The devil attends church, just for different reasons than us.  But when the Spirit of the Lord is in the  place, he is left virtually powerless unless the Lord allows him movement for a particular reason.


----------



## Laela (Aug 16, 2012)

!!
sorry, that was funny...
lol



LucieLoo12 said:


> (Now this one actually involved me, my friends told me what they saw)
> I was shouting (praising God) and I was doing my holy dance. Now I didn't know what was going on, my eyes closed and I am in zone. At our main church, where this took place, we have a biiggg area in the front where everyone goes to shout and dance. Well my friends told me a visitor came up behind and started dancing behind me as if we was in the club  He didnt touch me obviously, because I didnt feel nothing. But he was quickly removed by the ushers. No one told me nothing they just let me keeping praising God. When they told me this I was soooo shame, because I knew everyone saw it, I was right in the front! . Now I opens my eyes every now and then when I am praising God.


----------



## LucieLoo12 (Aug 16, 2012)

Imagine him doing this behind me on the floor with church music going on...in front of everybody













Laela said:


> !!
> sorry, that was funny...
> lol


----------



## Iwanthealthyhair67 (Aug 16, 2012)

LucieLoo12 

girl, don't do it!!! lol, no wonder why the ushers grabbed his ole perverted behind and sat him down...lol


----------



## auparavant (Aug 16, 2012)

You know, this is more geared towards the catholics cuz they will comprehend me better, but you know it is said that Church is where the greatest demonic  activity takes place.  That's because the service is getting people closer to G-d and the enemy is at work to try and prevent it, causing distraction.
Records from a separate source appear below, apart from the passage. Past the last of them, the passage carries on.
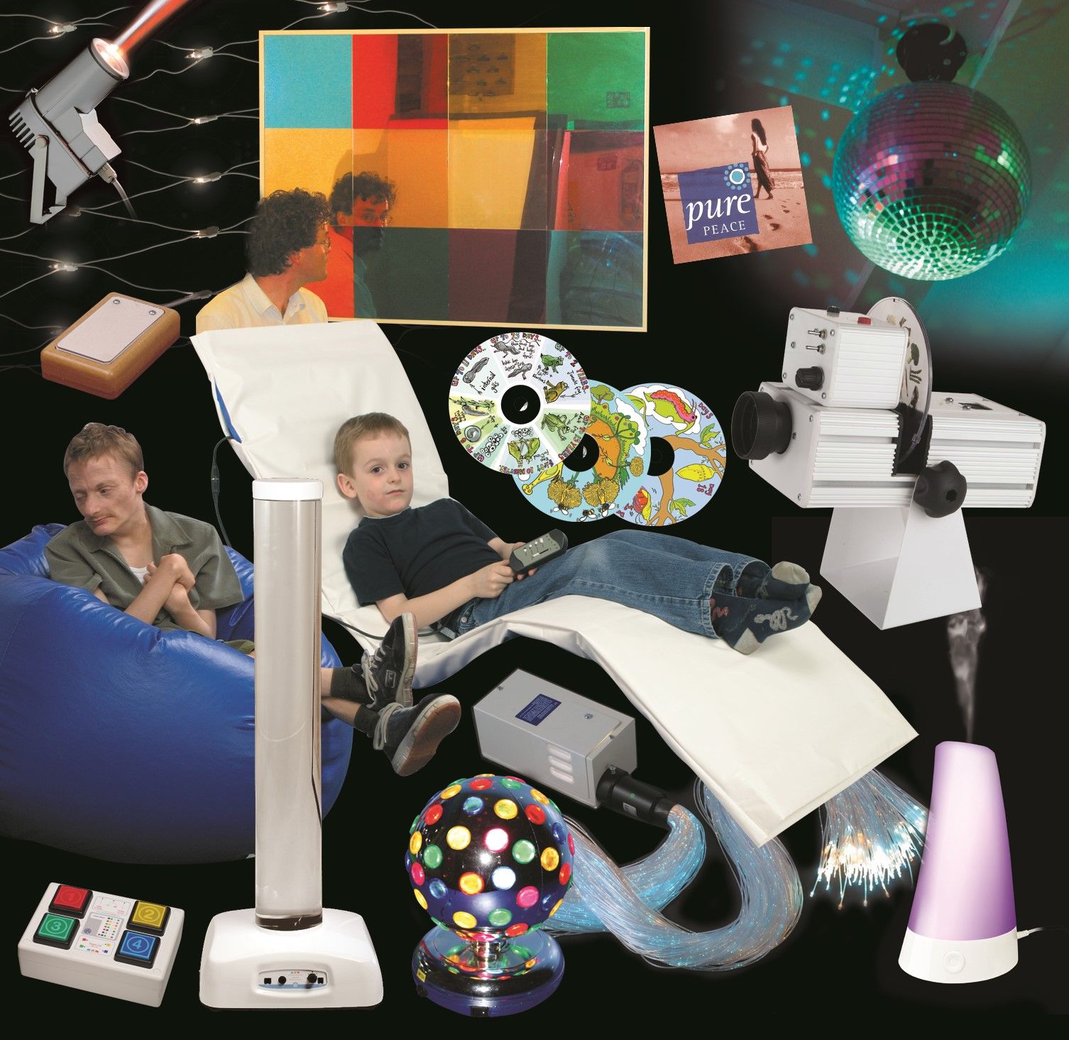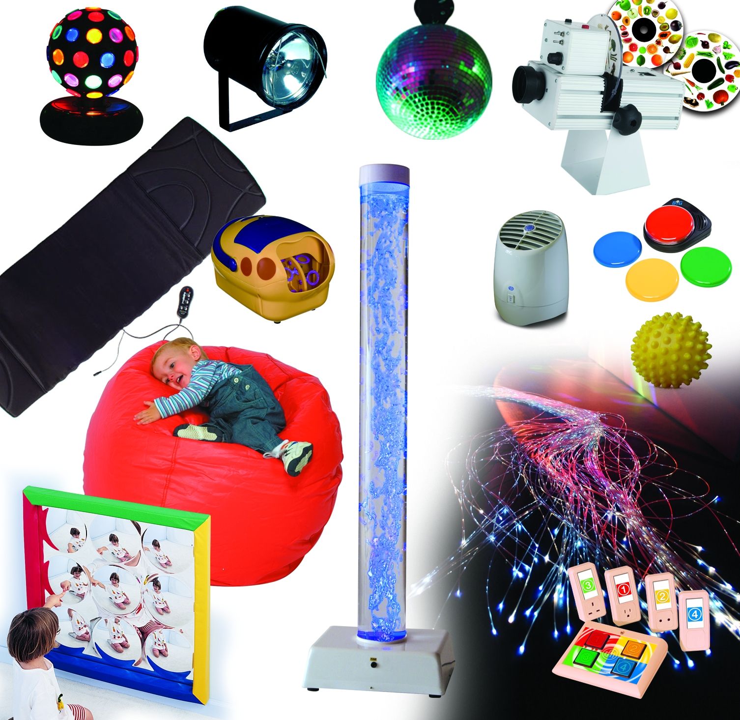 Disko žoga, Vrtilnik disko žoge, Žele, Zvezdna mreža, Resonančni žakelj, Masažna blazina, Prevleka za masažno blazino, Zvočna Aroma SPA, 1,2m Vodni stolp, SNAP Projektor, 3x SNAP kolesa, Vrteča lučka, 100 optičnih vlaken, Vir svetlobe za optična vlakna, Bick Mack odzivno stikalo, Množično ogledalo, Stikalo žoga, Kontrolna škatla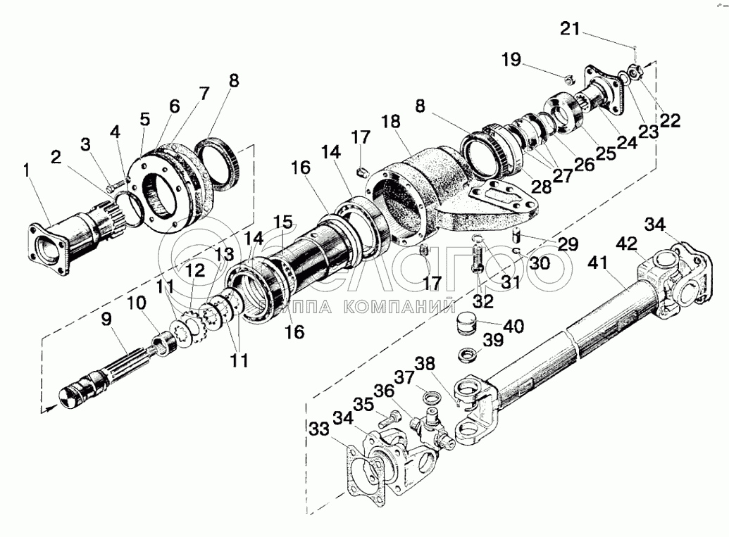 | 72-2203010-А2 Вал карданный МТЗ-82 переднего моста (4 отверстия) L=626 мм SPILE |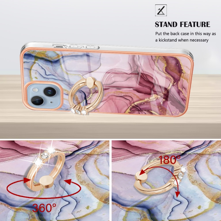 Caja de Teléfono para iPhone 15 IMD Doble Cara Mármol Galvanizado con Anillo (Rose Red)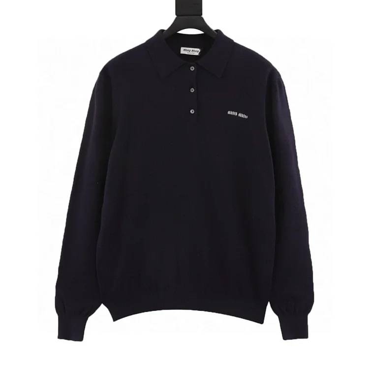 MU Polo Collar Long-Sleeve Pullover Sweatshirt with Elastic Waist Casual Pants Set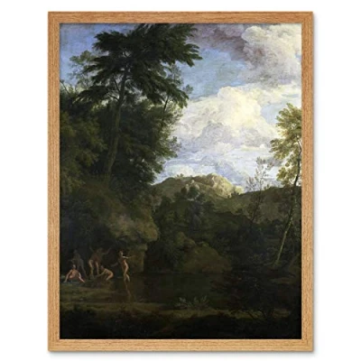 Artery8 Glauber Arcadian Landscape Diana Bathing Painting Art Print Framed Poster Wall Decor 12x16 inch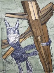 Mathew works mainly in etching, drawing and gouache, and draws inspiration from everyday life, ancient fables and horror films. “I like to use pen and pencil,” says Mathew. “I draw using pens and technical markers. I paint them using ink and wash. Sometimes, I do hand sewing.”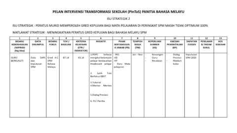 PELAN INTERVENSI TRANSFORMASI SEKOLAH (PInTaS) PANITIA BAHASA MELAYU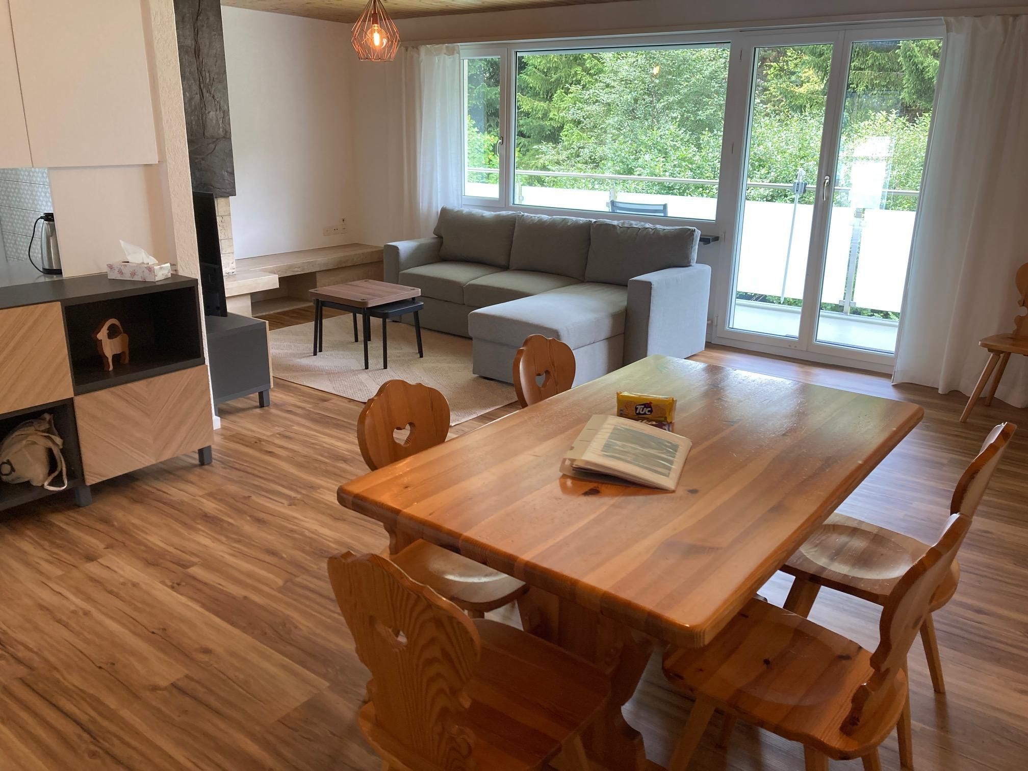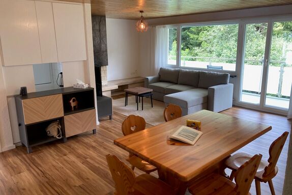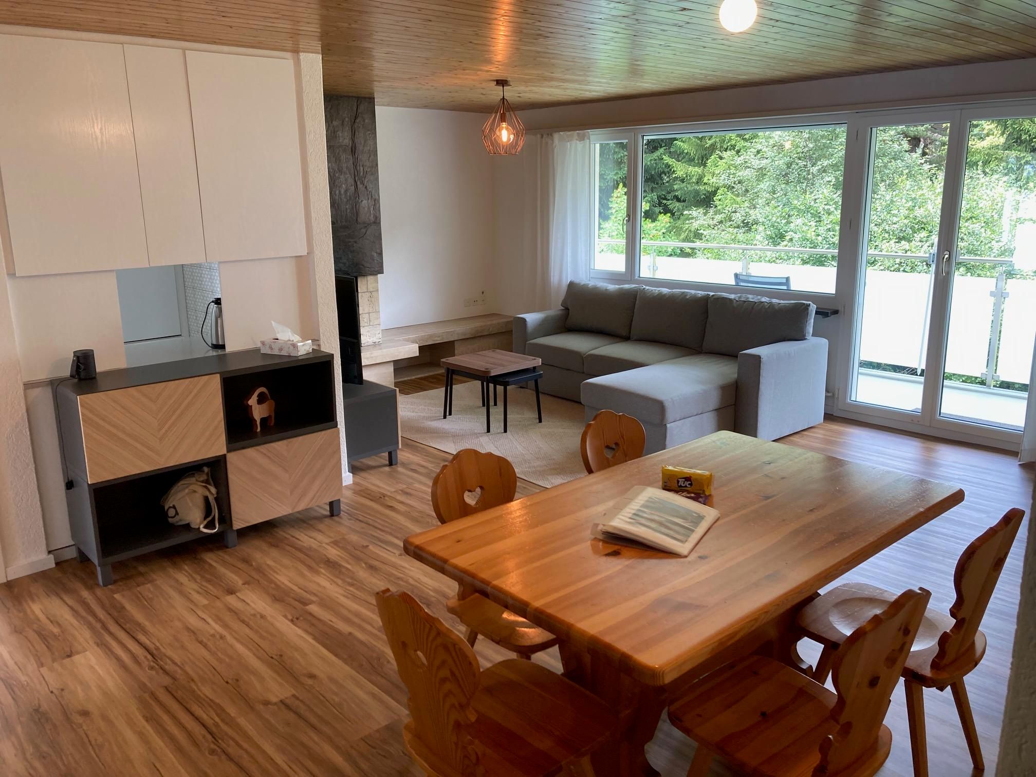 3.5 Zimmerwohnung in Mehrfamilienhaus. Ruhige, idyllische Lage mit schöner Aussicht. Balkon und Garten. Zentrale Lage, optimaler Ausgangspunkt für Wintersport und Wanderungen.

Soooo, my friend way back before I converted told me of her parish and what was happening.  It was something to the effect of having somebody involved in a pagan religion who attended that parish and had a beef with the pastor or some congregants.  I can't remember exactly what that was but I do know she said that during one mass, glass just started breaking all over the church.  Scary!  Another time, the priest that replaced another was drunk during services.  Can you imagine?  People were fed up and finally, they got Fr. Etzel, a wonderful priest.   



Edited:


----------



## Shimmie (Aug 16, 2012)

LucieLoo12 said:


> This thread is really good.
> 
> In one of other church locations, (we have several of them) a guy started to get up in church and speak against our Bishop while he was ministering....the guy dropped dead in the church. So serious.
> 
> ...


*

  

Most 'outside' folks don't understand 'Dancing in the Holy Spirit'... poor man was probably thinking he had the Holy Ghost also...he just didn't have the right rhythm going.     Then he gets carried out on a 'hook' like they do at the Apollo when the crowd boos the act.    

*


----------



## Shimmie (Aug 16, 2012)

LucieLoo12 said:


> Imagine him doing this behind me on the floor with church music going on...in front of everybody



Oh No....     And this dude is wearing a tool belt like the Villiage men.


----------



## Iwanthealthyhair67 (Aug 17, 2012)

The Village men ....cute ...

I know you meant the Village People ...



Shimmie said:


> Oh No....  And this dude is wearing a tool belt like the Villiage men.


----------



## pebbles (Aug 17, 2012)

^^^ LOL!!


----------



## Laela (Aug 17, 2012)

LOL @ ya'll !


----------



## CosmopolitanChic (Aug 17, 2012)

LucieLoo12 said:


> This thread is really good.
> 
> 
> 
> ...





I enjoyed all of these stories.


----------



## crwnandglory (Aug 21, 2012)

Hilarious!!!!  I can't believe he did that lol


----------